Agent harness that crawls PDFs, extracts with Docling, and compiles a grounded Obsidian wiki — with page images, JSON Canvas, and cross-document citations.

Inspired by the Karpathy LLM Knowledge Base pattern.

URL / query / local path
  → explore & download PDFs
  → Docling extract (markdown + images)
  → Obsidian vault with documents, page images, wiki articles
  → JSON Canvas visual map

Prerequisites

brew install qpdf ghostscript
pip install docling
npm install

Requires a Claude Code subscription (the agent runs via @anthropic-ai/claude-agent-sdk).

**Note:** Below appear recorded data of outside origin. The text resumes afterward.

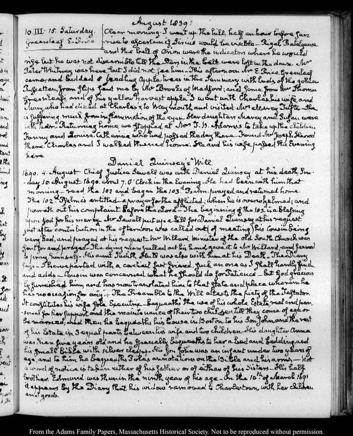 View full, authoritative transcriptions with page images of the diaries at John Quincy Adams Digital Diary part of the Primary Source Cooperative at the MHS.
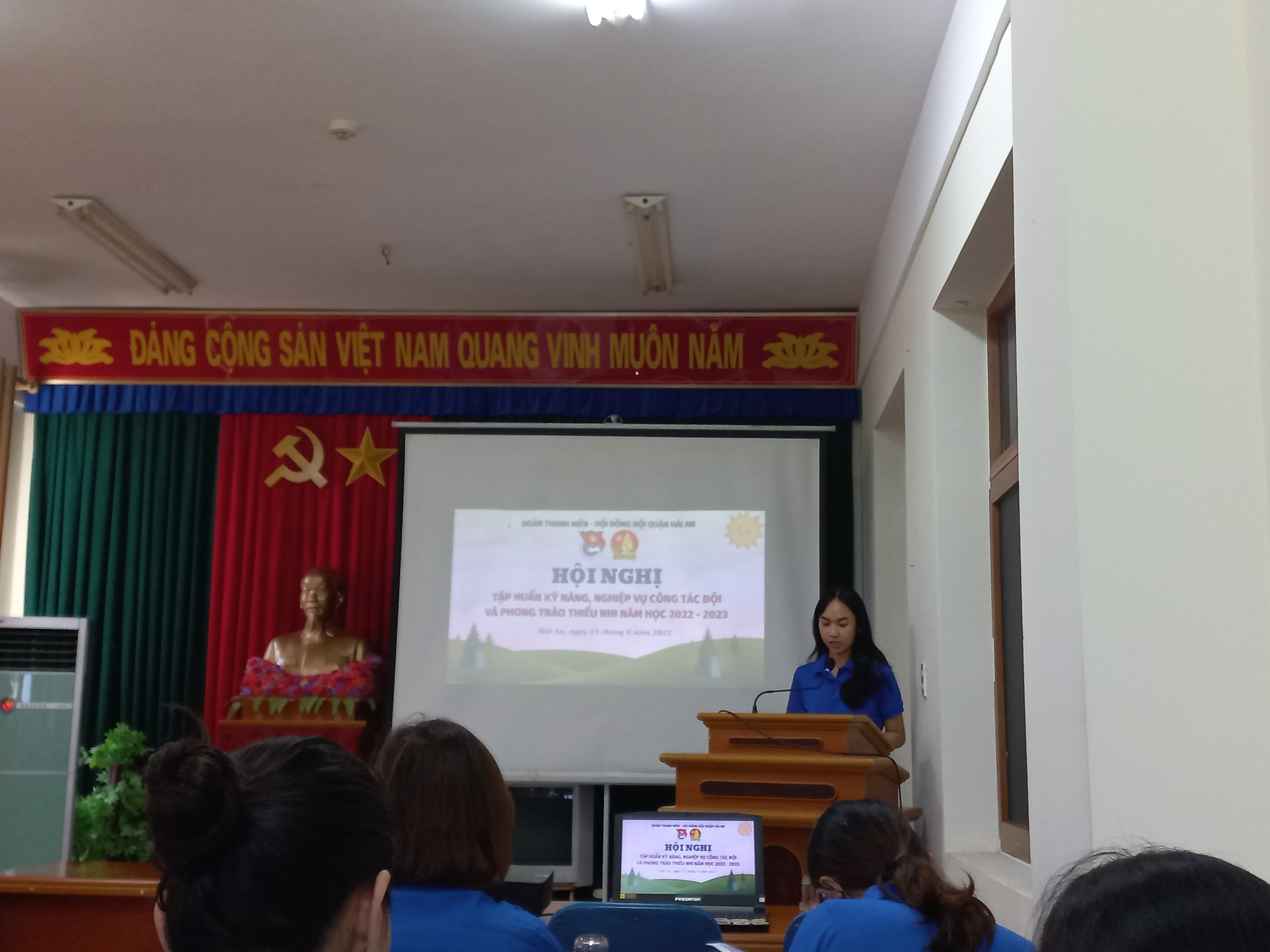 Chiều ngày 15/9/2022, đc Đoàn Thị Thu Hương - GV TPT Đội tham gia Hội nghị tập huấn kĩ năng, nghiệp vụ công tác Đội và phong trào thiếu nhi năm học 2022-2023. Hội nghị triển khai 2 chuyên đề:
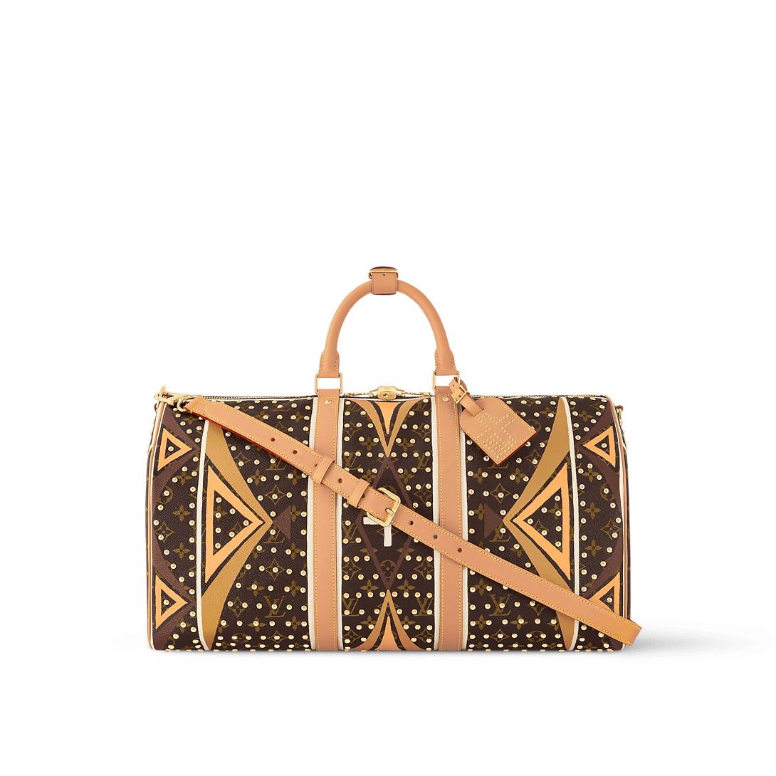 Description This Keepall Bandoulière 50 with its hand-painted Parfleche patterns and over 1000 rivets is the result of a creative collaboration with Dee Jay Two Bears and artists from the Dakota and Lakota nations, Jocy Little Sky and Trae Little Sky. The FA bag’s motifs and patterns are informed by the artworks of parfleche bags traditionally used to carry the clothing, food, and other items, with the Tópa cross signifying the four winds of the Earth. 50 x 29 x 23 cm (Length x Height x Width) Parfleche coated canvas Cowhide-leather trim Textile lining Gold-toned hardware Cabin size Double zip closure Inside zipped pocket Print-and-rivets pattern Padlock Removable name tag Key bell Strap: Removable, adjustable Strap Drop: 36.0 cm Strap Drop Max.: 50.0 cm Handle: Double
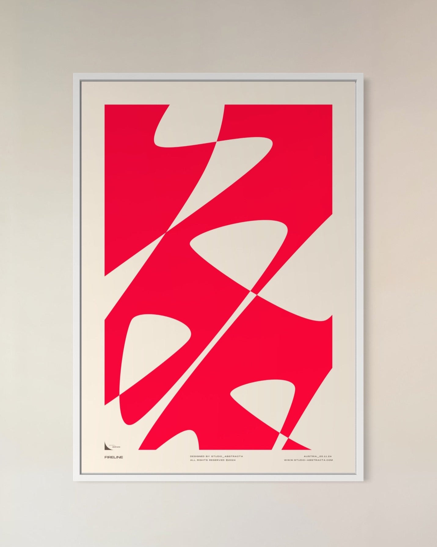 FIRELINE ignites a visual flame, channeled through bold reds and grays in clear geometric lines and shapes. The dynamic energy of the piece is amplified by the precise alignment of elements, creating a tension between intensity and calm.
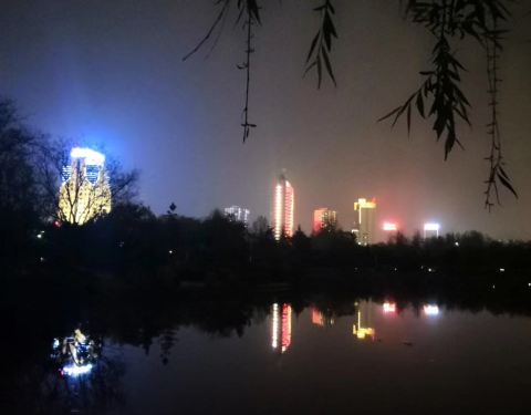 河滨公园又渐渐恢复了宁静,回望绿树摇曳,灯光闪烁,公园正如同一位多情的少女,正含情脉脉地注视着...

Optional: npm i -g apify-cli for deep site crawling.

Usage

# Crawl a site for PDFs
node collect.mjs "https://arxiv.org/list/cs.AI/recent" --name ai-papers

# Direct PDF URLs
node collect.mjs "https://arxiv.org/pdf/2401.04088 https://arxiv.org/pdf/2312.11805" --name llm-papers

# Research query (agent searches the web)
node collect.mjs "SEC 10-K filings NVIDIA 2023-2025" --name nvidia

# Local PDFs
node collect.mjs ./my-pdfs/ --name my-research

# Custom wiki topics
node collect.mjs "https://example.com/reports" --topics topics.txt

Output

collections/<name>/
  raw/          ← downloaded PDFs
  extracted/    ← Docling markdown + images per PDF
  vault/
    .obsidian/
    Index.md
    documents/  ← full extraction per PDF (frontmatter + wikilinks)
    pages/      ← extracted figures, tables, charts (PNGs)
    wiki/       ← cross-document compiled articles with citations
    canvas/     ← JSON Canvas visual map

Open vault/ in Obsidian → Cmd+G for graph view, or open canvas/overview.canvas for the visual map.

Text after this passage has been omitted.